Shuffling
\((a,b,c)\)
\((a,c,b)\)
\((b,a,c)\)
\((b,c,a)\)
\((c,a,b)\)
\((c,b,a)\)
Actions
\((0, 1, 2) \rightarrow (0,1,2)\)
\((0, 1, 2) \rightarrow (0,2,1)\)
\((0, 1, 2) \rightarrow (1,0,2)\)
\((0, 1, 2) \rightarrow (1,2,0)\)
\((0, 1, 2) \rightarrow (2,0,1)\)
\((0, 1, 2) \rightarrow (2,1,0)\)
Positional Notation
Apply \((1,0,2)\) to \((a,b,c)\) giving \((b,a,c)\).
Sometimes written as
\(\begin{pmatrix} 0 & 1 & 2 \\ 1 & 0 & 2 \end{pmatrix}\)
Combining Permutations
Apply \((1, 0, 2)(2, 1, 0)\) to \((a,b,c)\).
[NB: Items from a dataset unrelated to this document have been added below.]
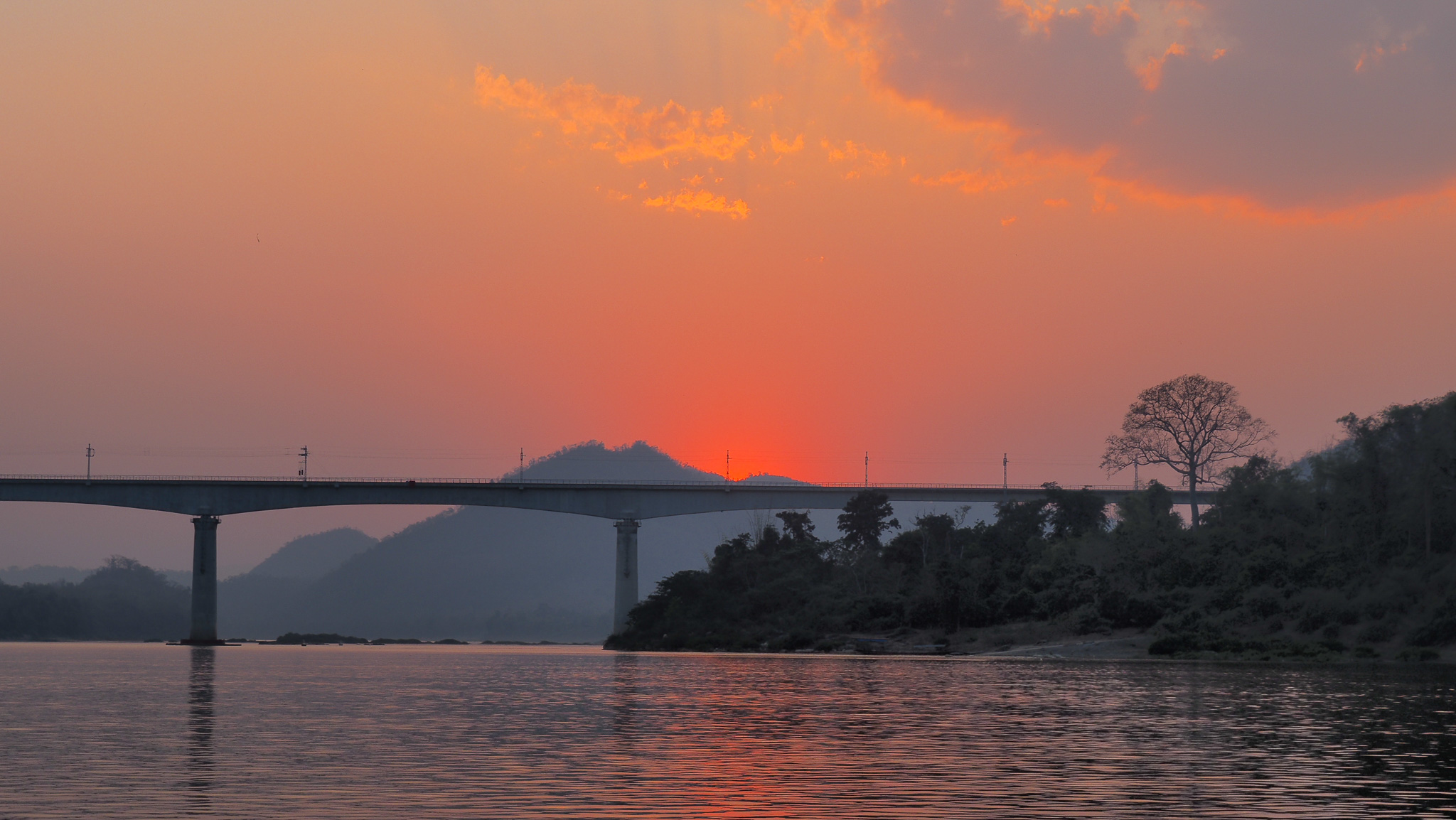 As we were sailing into Luang Prabang we had a really pretty sunset. This is the season when farmers burn their fields. Consequently, there is a lot of smoke in the air, which helps with the colors of the sunset.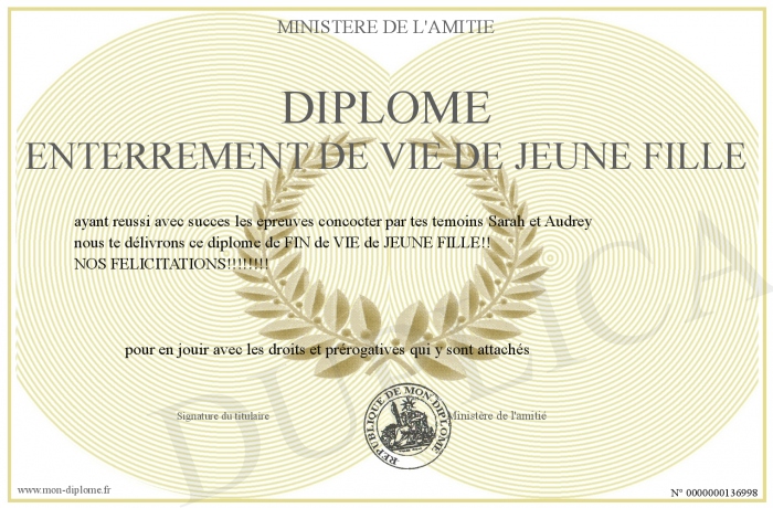 Envoyez par email votre Diplôme ENTERREMENT DE VIE DE JEUNE FILLE personalisé
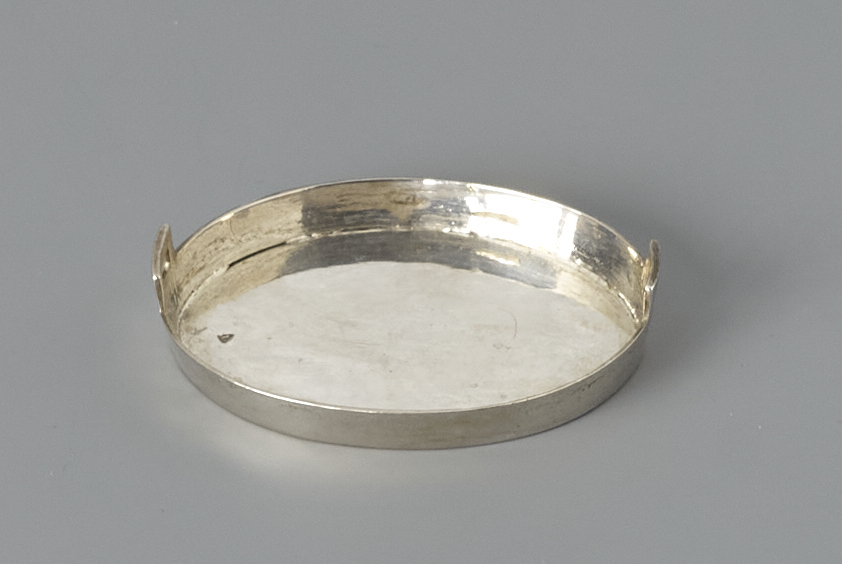 Ovaal dienblad met opstaande rand waarin twee grepen zijn aangebracht op de beide korte zijde .- Trefwoorden
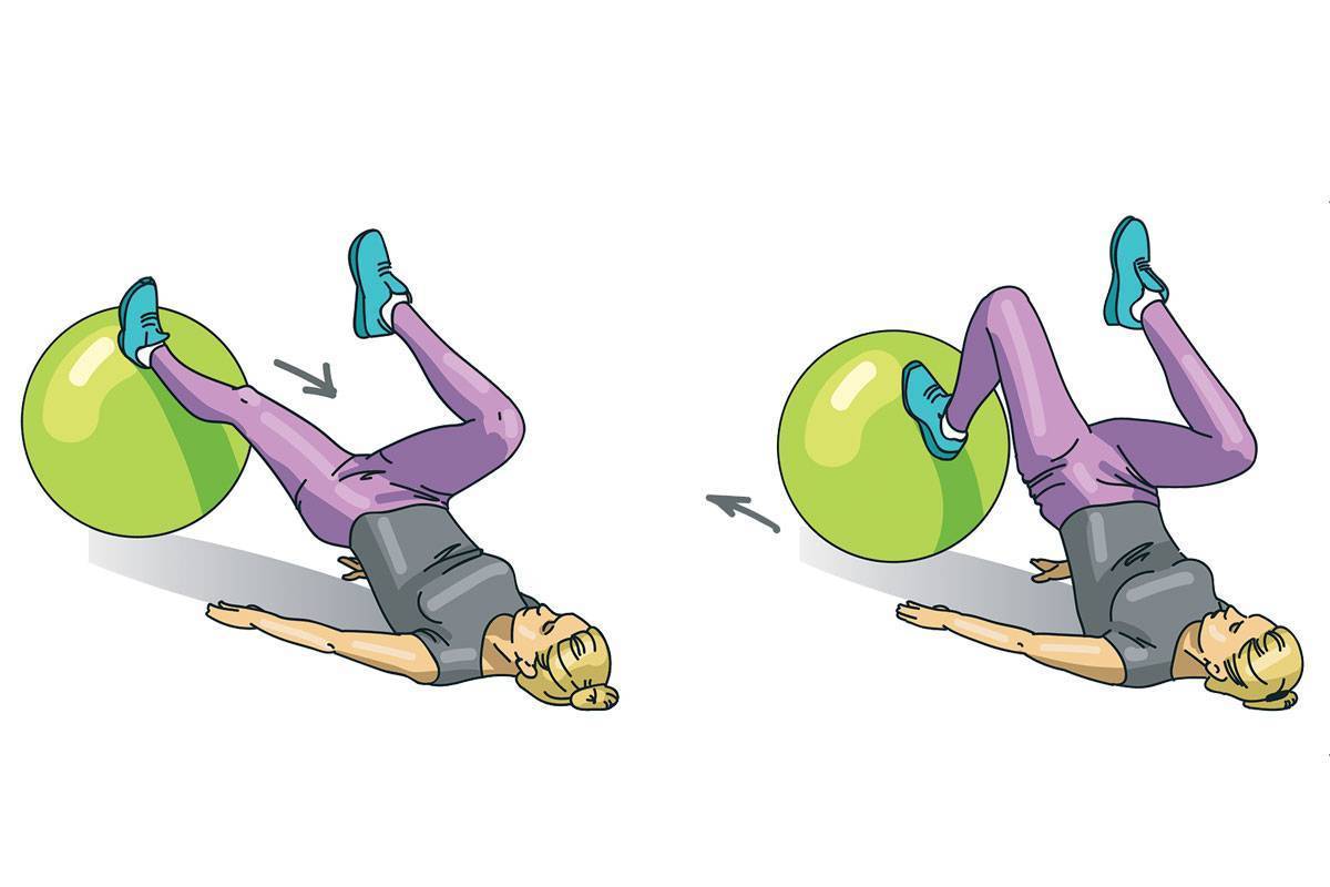 Исходное положение — лежа на спине на полу, руки вытянуты вдоль тела, одна нога на фитболе, другая согнута в колене и поднята вверх. За счет активации мышц пресса и ягодиц медленно подкатите мяч к себе, затем вернитесь в исходное положение и перемените ногу.

First, apply \((2,1,0)\) to \((a,b,c)\) giving \((c,b,a)\).
Then apply \((1,0,2)\) to \((c,b,a)\) giving \((b,c,a)\)
Note that we can apply \((1,0,2)\) to \((2,1,0)\) giving \((1,2,0)\).
See \((1,2,0)\) applied to \((a,b,c)\) also gives \((b,c,a)\).